### RECORDS SUPPLIED
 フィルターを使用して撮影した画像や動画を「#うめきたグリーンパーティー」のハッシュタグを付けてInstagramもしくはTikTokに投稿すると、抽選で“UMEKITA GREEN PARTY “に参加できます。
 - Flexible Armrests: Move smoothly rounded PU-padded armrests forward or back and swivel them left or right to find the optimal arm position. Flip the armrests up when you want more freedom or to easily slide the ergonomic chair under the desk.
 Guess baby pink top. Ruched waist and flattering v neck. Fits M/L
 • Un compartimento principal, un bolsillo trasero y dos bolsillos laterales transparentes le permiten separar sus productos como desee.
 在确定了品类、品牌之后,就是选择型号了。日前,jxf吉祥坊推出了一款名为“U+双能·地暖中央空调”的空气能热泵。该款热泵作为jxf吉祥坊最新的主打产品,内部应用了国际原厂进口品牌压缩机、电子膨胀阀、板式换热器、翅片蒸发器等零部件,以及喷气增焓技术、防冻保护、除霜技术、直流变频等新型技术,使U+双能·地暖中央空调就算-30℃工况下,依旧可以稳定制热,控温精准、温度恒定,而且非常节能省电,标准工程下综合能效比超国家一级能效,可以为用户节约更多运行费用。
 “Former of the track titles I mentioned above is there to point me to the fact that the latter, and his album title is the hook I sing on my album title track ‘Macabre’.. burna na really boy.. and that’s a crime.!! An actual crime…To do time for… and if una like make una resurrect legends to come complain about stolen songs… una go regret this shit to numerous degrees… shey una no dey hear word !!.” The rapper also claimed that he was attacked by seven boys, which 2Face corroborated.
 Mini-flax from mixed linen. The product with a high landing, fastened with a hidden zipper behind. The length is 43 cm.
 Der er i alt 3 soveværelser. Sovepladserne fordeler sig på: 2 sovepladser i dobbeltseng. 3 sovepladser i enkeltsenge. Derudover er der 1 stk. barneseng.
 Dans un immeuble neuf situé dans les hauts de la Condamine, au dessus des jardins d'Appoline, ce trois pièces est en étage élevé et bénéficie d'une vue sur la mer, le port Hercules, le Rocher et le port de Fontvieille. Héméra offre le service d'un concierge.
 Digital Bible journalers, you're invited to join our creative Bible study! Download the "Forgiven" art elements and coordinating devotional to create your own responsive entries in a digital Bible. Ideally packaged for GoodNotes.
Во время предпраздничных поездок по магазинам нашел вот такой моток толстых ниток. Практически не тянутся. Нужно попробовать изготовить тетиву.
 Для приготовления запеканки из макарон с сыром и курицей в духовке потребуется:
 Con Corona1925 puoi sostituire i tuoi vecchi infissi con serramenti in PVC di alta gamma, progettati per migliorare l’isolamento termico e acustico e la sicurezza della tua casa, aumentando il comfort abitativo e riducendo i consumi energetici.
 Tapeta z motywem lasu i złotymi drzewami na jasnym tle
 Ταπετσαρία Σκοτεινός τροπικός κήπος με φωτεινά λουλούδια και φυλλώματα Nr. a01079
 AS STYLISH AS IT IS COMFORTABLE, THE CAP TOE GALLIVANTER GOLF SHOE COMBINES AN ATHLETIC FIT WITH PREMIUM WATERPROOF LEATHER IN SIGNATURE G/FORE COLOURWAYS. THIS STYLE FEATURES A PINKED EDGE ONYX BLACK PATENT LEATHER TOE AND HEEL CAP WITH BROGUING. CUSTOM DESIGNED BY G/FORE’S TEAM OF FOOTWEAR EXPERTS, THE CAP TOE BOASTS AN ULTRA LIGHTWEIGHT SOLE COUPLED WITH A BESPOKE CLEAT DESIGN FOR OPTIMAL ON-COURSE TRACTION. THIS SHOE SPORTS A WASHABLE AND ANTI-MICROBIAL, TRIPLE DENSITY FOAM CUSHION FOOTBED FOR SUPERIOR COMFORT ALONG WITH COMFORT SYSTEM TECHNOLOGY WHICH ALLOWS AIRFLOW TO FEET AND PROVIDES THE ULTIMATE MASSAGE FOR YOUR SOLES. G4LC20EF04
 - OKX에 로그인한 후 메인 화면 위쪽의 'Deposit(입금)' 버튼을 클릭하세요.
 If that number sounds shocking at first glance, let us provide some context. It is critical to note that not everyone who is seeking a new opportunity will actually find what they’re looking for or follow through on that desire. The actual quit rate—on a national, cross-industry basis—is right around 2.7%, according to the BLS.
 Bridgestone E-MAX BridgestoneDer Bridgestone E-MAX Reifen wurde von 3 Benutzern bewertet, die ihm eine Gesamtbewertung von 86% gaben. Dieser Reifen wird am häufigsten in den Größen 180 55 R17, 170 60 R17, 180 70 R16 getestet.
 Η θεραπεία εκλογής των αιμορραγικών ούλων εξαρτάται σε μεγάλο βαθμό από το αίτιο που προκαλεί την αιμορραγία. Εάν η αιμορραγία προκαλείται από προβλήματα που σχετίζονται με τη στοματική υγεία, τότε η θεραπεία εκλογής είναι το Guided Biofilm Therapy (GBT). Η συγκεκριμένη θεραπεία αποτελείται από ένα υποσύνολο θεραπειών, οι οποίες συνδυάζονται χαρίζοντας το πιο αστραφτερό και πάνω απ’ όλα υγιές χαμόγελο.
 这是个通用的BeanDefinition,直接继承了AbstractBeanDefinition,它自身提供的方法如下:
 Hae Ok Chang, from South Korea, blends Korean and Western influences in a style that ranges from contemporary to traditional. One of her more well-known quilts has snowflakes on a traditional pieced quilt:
######
Set all of the entries down again, exactly as they were given.

 フィルターを使用して撮影した画像や動画を「#うめきたグリーンパーティー」のハッシュタグを付けてInstagramもしくはTikTokに投稿すると、抽選で“UMEKITA GREEN PARTY “に参加できます。
 - Flexible Armrests: Move smoothly rounded PU-padded armrests forward or back and swivel them left or right to find the optimal arm position. Flip the armrests up when you want more freedom or to easily slide the ergonomic chair under the desk.
 Guess baby pink top. Ruched waist and flattering v neck. Fits M/L
 • Un compartimento principal, un bolsillo trasero y dos bolsillos laterales transparentes le permiten separar sus productos como desee.
 在确定了品类、品牌之后,就是选择型号了。日前,jxf吉祥坊推出了一款名为“U+双能·地暖中央空调”的空气能热泵。该款热泵作为jxf吉祥坊最新的主打产品,内部应用了国际原厂进口品牌压缩机、电子膨胀阀、板式换热器、翅片蒸发器等零部件,以及喷气增焓技术、防冻保护、除霜技术、直流变频等新型技术,使U+双能·地暖中央空调就算-30℃工况下,依旧可以稳定制热,控温精准、温度恒定,而且非常节能省电,标准工程下综合能效比超国家一级能效,可以为用户节约更多运行费用。
 “Former of the track titles I mentioned above is there to point me to the fact that the latter, and his album title is the hook I sing on my album title track ‘Macabre’.. burna na really boy.. and that’s a crime.!! An actual crime…To do time for… and if una like make una resurrect legends to come complain about stolen songs… una go regret this shit to numerous degrees… shey una no dey hear word !!.” The rapper also claimed that he was attacked by seven boys, which 2Face corroborated.
 Mini-flax from mixed linen. The product with a high landing, fastened with a hidden zipper behind. The length is 43 cm.
 Der er i alt 3 soveværelser. Sovepladserne fordeler sig på: 2 sovepladser i dobbeltseng. 3 sovepladser i enkeltsenge. Derudover er der 1 stk. barneseng.
 Dans un immeuble neuf situé dans les hauts de la Condamine, au dessus des jardins d'Appoline, ce trois pièces est en étage élevé et bénéficie d'une vue sur la mer, le port Hercules, le Rocher et le port de Fontvieille. Héméra offre le service d'un concierge.
 Digital Bible journalers, you're invited to join our creative Bible study! Download the "Forgiven" art elements and coordinating devotional to create your own responsive entries in a digital Bible. Ideally packaged for GoodNotes.
Во время предпраздничных поездок по магазинам нашел вот такой моток толстых ниток. Практически не тянутся. Нужно попробовать изготовить тетиву.
 Для приготовления запеканки из макарон с сыром и курицей в духовке потребуется:
 Con Corona1925 puoi sostituire i tuoi vecchi infissi con serramenti in PVC di alta gamma, progettati per migliorare l’isolamento termico e acustico e la sicurezza della tua casa, aumentando il comfort abitativo e riducendo i consumi energetici.
 Tapeta z motywem lasu i złotymi drzewami na jasnym tle
 Ταπετσαρία Σκοτεινός τροπικός κήπος με φωτεινά λουλούδια και φυλλώματα Nr. a01079
 AS STYLISH AS IT IS COMFORTABLE, THE CAP TOE GALLIVANTER GOLF SHOE COMBINES AN ATHLETIC FIT WITH PREMIUM WATERPROOF LEATHER IN SIGNATURE G/FORE COLOURWAYS. THIS STYLE FEATURES A PINKED EDGE ONYX BLACK PATENT LEATHER TOE AND HEEL CAP WITH BROGUING. CUSTOM DESIGNED BY G/FORE’S TEAM OF FOOTWEAR EXPERTS, THE CAP TOE BOASTS AN ULTRA LIGHTWEIGHT SOLE COUPLED WITH A BESPOKE CLEAT DESIGN FOR OPTIMAL ON-COURSE TRACTION. THIS SHOE SPORTS A WASHABLE AND ANTI-MICROBIAL, TRIPLE DENSITY FOAM CUSHION FOOTBED FOR SUPERIOR COMFORT ALONG WITH COMFORT SYSTEM TECHNOLOGY WHICH ALLOWS AIRFLOW TO FEET AND PROVIDES THE ULTIMATE MASSAGE FOR YOUR SOLES. G4LC20EF04
 - OKX에 로그인한 후 메인 화면 위쪽의 'Deposit(입금)' 버튼을 클릭하세요.
 If that number sounds shocking at first glance, let us provide some context. It is critical to note that not everyone who is seeking a new opportunity will actually find what they’re looking for or follow through on that desire. The actual quit rate—on a national, cross-industry basis—is right around 2.7%, according to the BLS.
 Bridgestone E-MAX BridgestoneDer Bridgestone E-MAX Reifen wurde von 3 Benutzern bewertet, die ihm eine Gesamtbewertung von 86% gaben. Dieser Reifen wird am häufigsten in den Größen 180 55 R17, 170 60 R17, 180 70 R16 getestet.
 Η θεραπεία εκλογής των αιμορραγικών ούλων εξαρτάται σε μεγάλο βαθμό από το αίτιο που προκαλεί την αιμορραγία. Εάν η αιμορραγία προκαλείται από προβλήματα που σχετίζονται με τη στοματική υγεία, τότε η θεραπεία εκλογής είναι το Guided Biofilm Therapy (GBT). Η συγκεκριμένη θεραπεία αποτελείται από ένα υποσύνολο θεραπειών, οι οποίες συνδυάζονται χαρίζοντας το πιο αστραφτερό και πάνω απ’ όλα υγιές χαμόγελο.
 这是个通用的BeanDefinition,直接继承了AbstractBeanDefinition,它自身提供的方法如下:
 Hae Ok Chang, from South Korea, blends Korean and Western influences in a style that ranges from contemporary to traditional. One of her more well-known quilts has snowflakes on a traditional pieced quilt:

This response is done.